Back then, the dominant culture held that Almighty God had dictated that those who didn’t keep ceremonial law by, for example, not washing up to the elbows before eating, could not enter heaven. Period. Illegitimate children were unclean under sacred law and were to be cruelly rejected. People who had fallen onto hard times were believed to have incurred God’s disfavor and therefore were deemed to be beneath human mercy and kindness.
Into this Asch introduces Jesus, developing in his peculiar beliefs as he matures physically; Jesus, befriending an abandoned, half-feral boy without even a name, and taking him into Mary’s home; Jesus, preaching and demonstrating God’s love to field workers bitterly enslaved by debts to work the land they once owned, who believed they were abandoned not only in this world but also in the next, because of their inability to keep the requirements of the ceremonial Law; Jesus, issuing a revolutionary proclamation in the parable of Lazarus and Dives, whereby it’s not clean forearms that get one into heaven, but a clean heart; Jesus, associating with the oppressed and estranged, giving them hope and removing the bitterness of their condition.
Though Jesus has the ultimate role here, the story is mostly written from Mary’s perspective.
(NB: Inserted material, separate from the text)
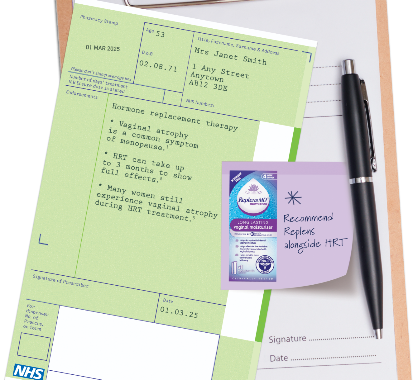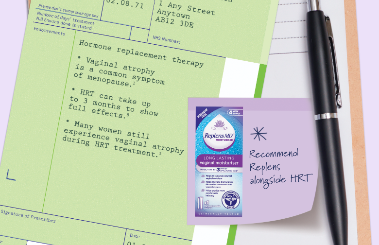 You can now request a free Replens MD™ patient trial pack as part of our Patient Familiarisation Programme designed to support conversations around vaginal dryness and long-lasting moisturisation alongside HRT.

As Jesus enters full time ministry she becomes largely separated from him, but she joins him again at that last Passover in Jerusalem. Mary is struggling with letting her son go to his cruel fate, until she has an interactive vision of Rachel. The mother of Israel shows the mother of Jesus the silently pleading eyes of countless Gentiles trapped in sin and darkness, with no hope of salvation. Mary finally understands the extent of God’s salvific plan and the enormity of the love that drives it, and she submits to God’s will and accepts the sacrifice she must make. Subsequently, when Jesus on the Cross prays with his penultimate breath, “Into Thy hands I commit my spirit”, Mary is in such intimate union with him that she isn’t sure who actually had said it, he or she. The truth is, they both had.
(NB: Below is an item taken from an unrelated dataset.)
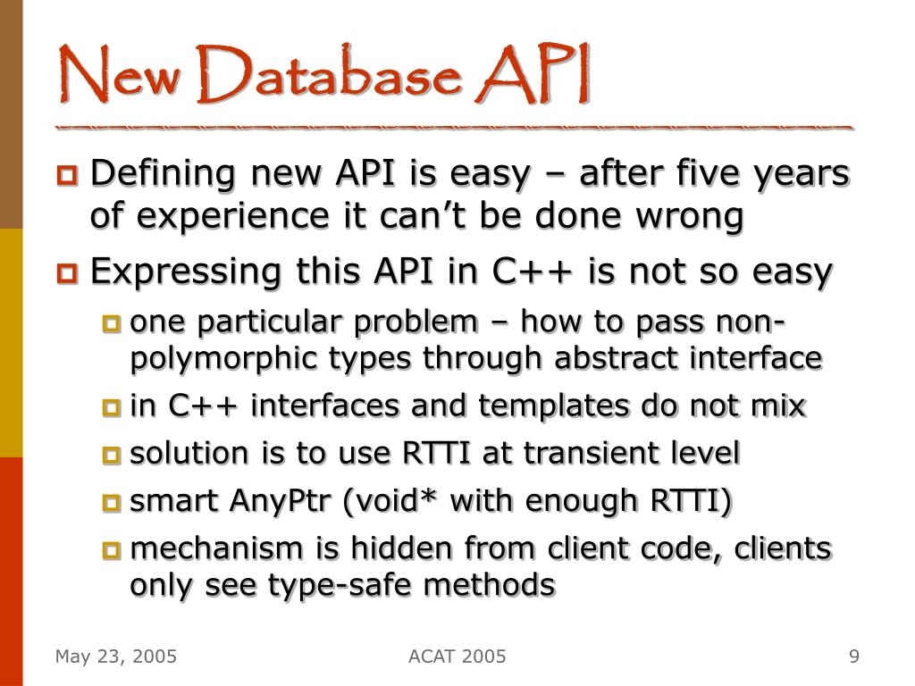 New Database API • Defining new API is easy – after five years of experience it can’t be done wrong • Expressing this API in C++ is not so easy • one particular problem – how to pass non-polymorphic types through abstract interface • in C++ interfaces and templates do not mix • solution is to use RTTI at transient level • smart AnyPtr (void* with enough RTTI) • mechanism is hidden from client code, clients only see type-safe methods ACAT 2005

And on Sunday morning, when reports that Jesus has been raised from death begin coming in, and Mary for the first time publicly refers to her son as “THE LORD”, the reader also hears it as if for the first time, and feels the same profound shock as do her hearers in the book – a shock that drives two of Jesus’ formerly antagonistic brothers to the ground in tears, finally understanding. This is powerful writing.
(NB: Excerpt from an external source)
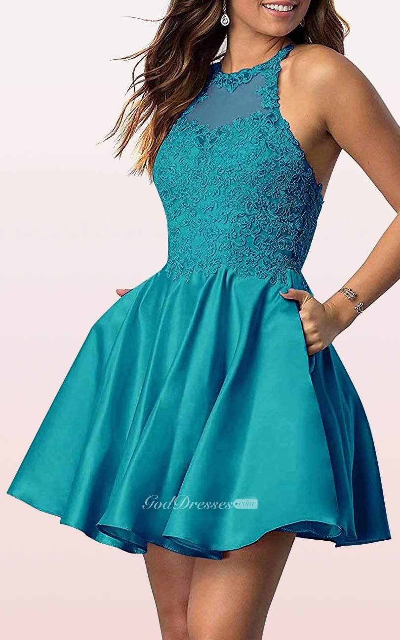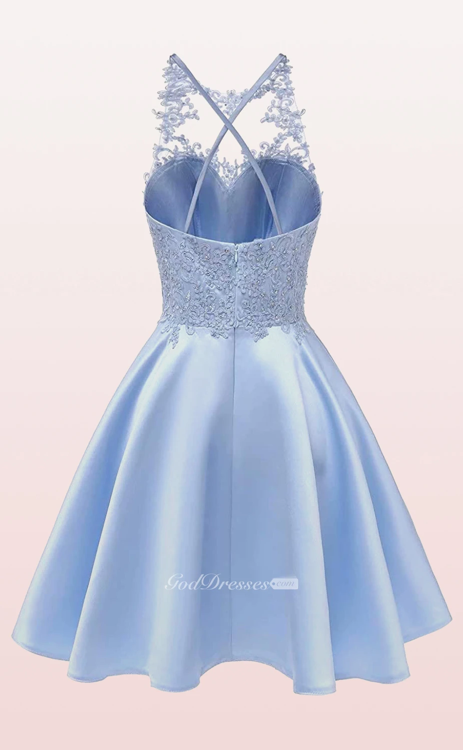 Satin Lace Mini A Line Sleeveless Adorable Homecoming Dress with Pleats

It is easy for us who have been raised in a liberal culture to take for granted what Jesus did in freeing us from the stringent requirements of the Mosaic code, and for us to be ignorant of the conflict on the ground that he faced in doing so. We don’t understand what life was like for the person who would please God according to the law back then. Asch fully respects the good aspects of the old way (even bringing out an novel, totally positive interpretation of lex talionus – ‘an eye for an eye’), yet the stark antagonism that he draws between the covenant of legalism and that of spirit simply will not allow the reader the luxury of neutrality. Even as a long-time believer, through this book I gained a much deeper understanding and appreciation of our exalted position in Christ.
Add to that a rare richness in the depiction of the things of the soul and of the relationship between Mary and Jesus, and this book becomes a deeply moving experience that transcends words on a page.
My old Jewish friend who introduced me to Asch wasn’t sure whether Asch had actually converted to Christ or not, though he suspected that he had. That question had remained a curiosity of mine that I revisited over the years. But after reading Mary the issue is resolved for me. This book is none other than a deeply felt and carefully wrought act of worship. Enter in, and be blessed.